Iraq Baathists face ban
Iraq's Western administrators vowed yesterday to ban loyalists of Saddam Hussein's outlawed Baath party from public office, while Washington battled to win backing for a UN resolution scrapping sanctions. The US-installed administration is to try to...
Iraq's Western administrators vowed yesterday to ban loyalists of Saddam Hussein's outlawed Baath party from public office, while Washington battled to win backing for a UN resolution scrapping sanctions.
The US-installed administration is to try to ban between 15,000 and 30,000 Baath party die-hards from holding public service jobs through stringent screening, senior officials from the Office of Reconstruction and Humanitarian Assistance said.
US Secretary of State Colin Powell continued a tour of the Middle East and Europe seeking support for a UN Security Council resolution to lift blocks on Iraqi oil exports and travelled to Germany, one of the fiercest critics of the US-led war in Iraq which ended last month.
Powell described his talks with Chancellor Gerhard Schroeder and Foreign Minister Joschka Fischer as "candid" - diplomatic language for a heated exchange. Nonetheless, Powell insisted a deal could be struck soon.
"It should be possible to come to closure quickly over the next several days, a week, on a UN resolution," Powell said.
After criticism of an initial draft by some Security Council members, Washington has submitted a revised version slightly enhancing the role of a UN envoy, but still giving wide powers to a US-led administration to control Iraq and its oil wealth.
Fischer reiterated that Germany wanted the United Nations to play a major role in Iraq's postwar reconstruction but said he was hopeful for an agreement.
"The draft is a good basis from which we can discuss. Today's discussions have shown that we are on a good path to achieve an agreement," he said.
A French Foreign Ministry spokesman said France would make "constructive suggestions" for amendments to the resolution. In Moscow, Russian Deputy Foreign Minister Yuri Fedotov said Russia and China sought major changes to the document.
He said the two Security Council veto-holders were particularly concerned about when power would be handed over to an elected Iraqi government.
In Baghdad, a senior official of ORHA - running Iraq until an interim Iraqi authority takes over - said attempts at "de-Baathification" may in the short term hamper the country's recovery, but should be pursued.
ORHA officials said they recognised the risks of such a vetting process in a society where up to 700,000 people held membership of the former ruling party.
"We have to recognise that de-Baathification will necessarily entail some inefficiency in the running of government," one senior official said.
In an effort to restore order, Iraq's occupiers have reinstated much of the police force and asked government workers to restore public services. But top ministry officials have been ordered to sign a document denouncing the party that had ruled Iraq since 1968.
US commander in Iraq General Tommy Franks has said the party was now dissolved and called on Iraqis to surrender all party documents and possessions.
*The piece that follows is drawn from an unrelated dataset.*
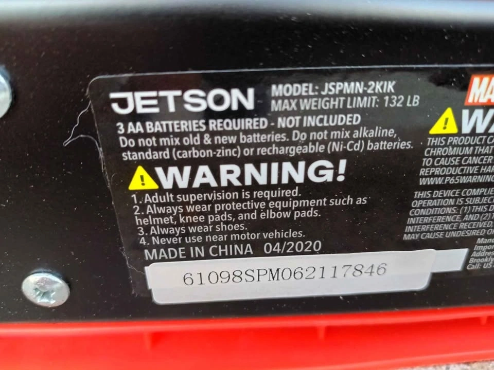 Lightweight Jetson kick scooter with a red and blue Spider-Man design. It features a folding frame for easy storage and transport. This model includes a battery-operated LED light-up deck with multiple patterns. It has a height-adjustable handlebar with white grips and a rear foot brake. The maximum weight limit is 132 lbs.

Pro-American Iraqi politician Ahmad Chalabi has also called for "de-Baathification", warning of violence if top officials were not held to account.
Full members of the top ranks of the Baath Party will be subjected to the vetting process which involves interviews, testimony from others and the examination of records.
US-led forces have detained about a third of the officials on a list of 55 most wanted Iraqis and are holding up to 7,500 prisoners of war. They have suggested that Iraqis set up their own special court to try those accused of crimes.
Number 52 on the list, Adil Abdallah Mahdi al-Duri al-Tikriti, was seized in a raid on Thursday southeast of Tikrit.